My problem is with my audio. Whether it be logging into windows, or playing a song, my audio has constant hiccups that get worse if i'm doing anything on my computer (searching the web, playing a game, etc.). 

I strongly believe this is not an audio driver issue, or a faulty sound card (currently using the built in motherboard card), and here is why. I used to have windows XP, and my sound worked with no issues. One day, i decided to get rid of all the crap and do a fresh install of windows XP. After doing the fresh install, i was having the same problems that i am now (audio hiccups). I spent hours trying to fix it, changing drivers, updating codecs and what not... nothing seemed to work. 

My motherboard is a Gigabyte GA-7N400 Pro 2 (pretty old... i know...), built in sound card is a Realtek AC'97. My memory is a little fuzzy, but after the fresh install of xp, and all the audio issues i was having, i had never re-installed windows media player (simply because i never use it). But i seem to remember installing windows media player, going to my device manager and updating the sound driver. When i did this, it changed from "Realtek AC'97 Audio" to "Legacy Audio Driver". Now i know that it makes zero sense, and there should be no correlation between installing windows media player and my computer magically finding the "right" driver, but i think that's what happened. I had tried to update the driver multiple times before installing windows media player, and it always told me that my driver was up to date. Then magically it found a Legacy Audio Driver that had no sound issues... doesn't make sense... plus it screws me because i can't search for a "Legacy Audio Driver" for windows 7...

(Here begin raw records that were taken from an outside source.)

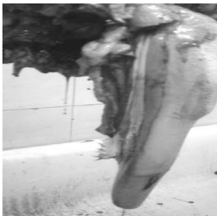
Рис. 2. Фото огляду язика на мікози

Припускаючи, що небезпечний фактор присутній в сировині, необхідно послідовно вивчити виробничий процес з використанням технологічної схеми і обстежити виробничу лінію для того, щоб встановити, чи усуне даний небезпечний фактор або знизить його до безпечного рівня. Якщо відповідь на це питання буде позитивною, то можна перейти до питання 3. Якщо відповідь негативна, то якість сировини є критичною.
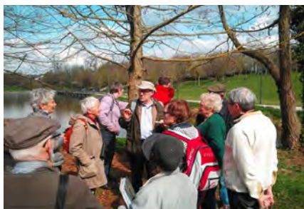
Sortie découverte au parc St Pierre
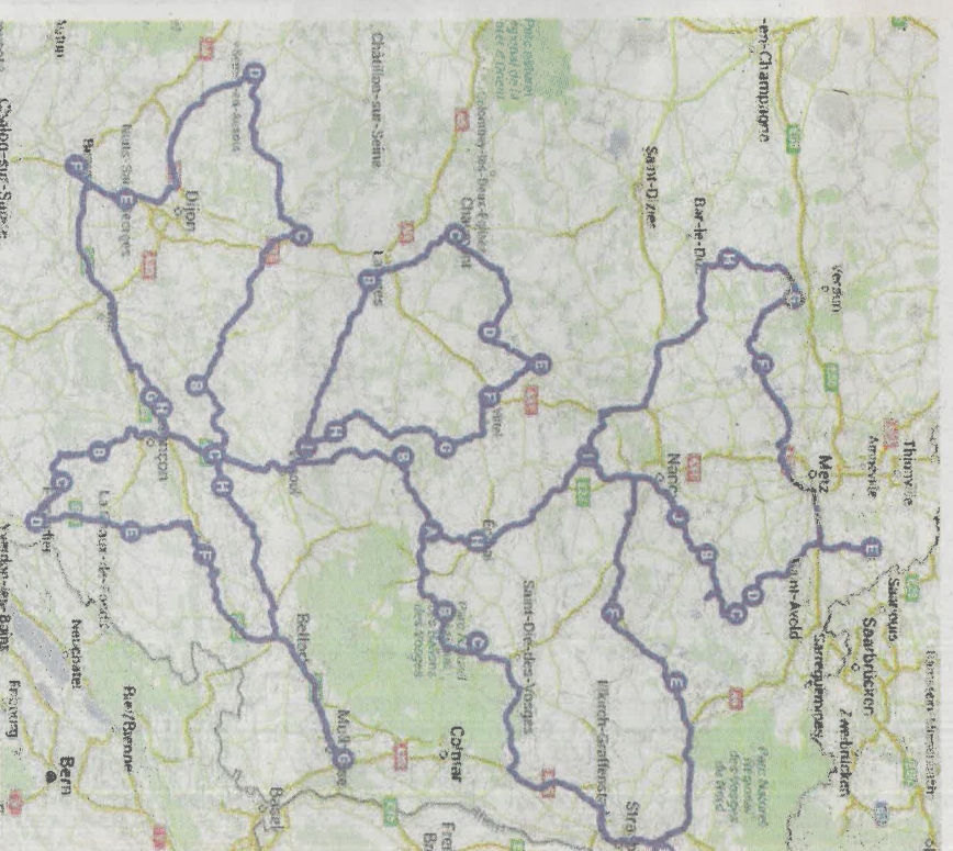
2 500 km parcourus chaque jour pour collecter les échantillons

Anyways... recently i bought and did a fresh install of Windows 7 Home Premium, and what do ya know... same problems as before... I tried all the things i mentioned above, and nothing worked. I did countless searches through gigabyte's website as well as realtek's website, and no new drivers/codecs seemed to fix my problem. I finally got sick of it and decided to buy a new sound card (for one of my vacant PCI slots). I installed this soundcard properly (disabled onboard sound card in my BIOS, etc.) and guess what... same problems... I even made sure my new soundcard was windows 7 ready... I ended up returning the new sound card because it was a waste of $25 since it didn't fix my problem... I have no idea what to do next, but i'm a big music guy and this sound issue is driving me insane.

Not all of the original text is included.